### Exercise material ###

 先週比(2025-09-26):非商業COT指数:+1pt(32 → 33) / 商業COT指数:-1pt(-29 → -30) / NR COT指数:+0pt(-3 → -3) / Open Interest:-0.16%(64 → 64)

###
### Exercise material ###

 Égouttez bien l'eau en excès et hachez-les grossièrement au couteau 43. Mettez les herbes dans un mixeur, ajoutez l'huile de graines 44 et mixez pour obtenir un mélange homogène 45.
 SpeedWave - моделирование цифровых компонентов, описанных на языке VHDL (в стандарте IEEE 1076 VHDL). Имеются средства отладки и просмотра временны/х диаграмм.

###

Aim of the task: In the material above, find the line containing "Égouttez bien l'eau" and the line containing "SpeedWave - моделирование", then write out exactly those two lines and every line between them, and nothing more.

Exercise solution:
 Égouttez bien l'eau en excès et hachez-les grossièrement au couteau 43. Mettez les herbes dans un mixeur, ajoutez l'huile de graines 44 et mixez pour obtenir un mélange homogène 45.
 SpeedWave - моделирование цифровых компонентов, описанных на языке VHDL (в стандарте IEEE 1076 VHDL). Имеются средства отладки и просмотра временны/х диаграмм.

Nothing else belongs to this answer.